Task objective: Begin with the line below holding "Open floor plan" and go on through the line holding "機械公司新型輕量化廂車前,技", duplicating each line exactly and leaving out pictures.
Start of Source data
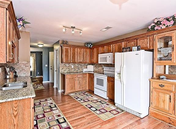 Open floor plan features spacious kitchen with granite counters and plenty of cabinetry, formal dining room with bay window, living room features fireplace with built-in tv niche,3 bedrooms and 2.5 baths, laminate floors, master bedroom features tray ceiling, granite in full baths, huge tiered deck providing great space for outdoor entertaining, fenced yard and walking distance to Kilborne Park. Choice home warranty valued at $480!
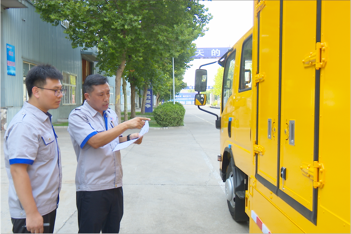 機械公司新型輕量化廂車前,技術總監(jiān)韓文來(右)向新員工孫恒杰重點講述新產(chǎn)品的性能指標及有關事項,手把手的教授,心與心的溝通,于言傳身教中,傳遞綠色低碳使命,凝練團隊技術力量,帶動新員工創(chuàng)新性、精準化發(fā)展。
End of Source data
Start of Source data
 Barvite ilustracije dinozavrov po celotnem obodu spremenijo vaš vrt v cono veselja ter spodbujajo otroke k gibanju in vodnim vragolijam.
End of Source data
Written answer:
 Open floor plan features spacious kitchen with granite counters and plenty of cabinetry, formal dining room with bay window, living room features fireplace with built-in tv niche,3 bedrooms and 2.5 baths, laminate floors, master bedroom features tray ceiling, granite in full baths, huge tiered deck providing great space for outdoor entertaining, fenced yard and walking distance to Kilborne Park. Choice home warranty valued at $480!
 機械公司新型輕量化廂車前,技術總監(jiān)韓文來(右)向新員工孫恒杰重點講述新產(chǎn)品的性能指標及有關事項,手把手的教授,心與心的溝通,于言傳身教中,傳遞綠色低碳使命,凝練團隊技術力量,帶動新員工創(chuàng)新性、精準化發(fā)展。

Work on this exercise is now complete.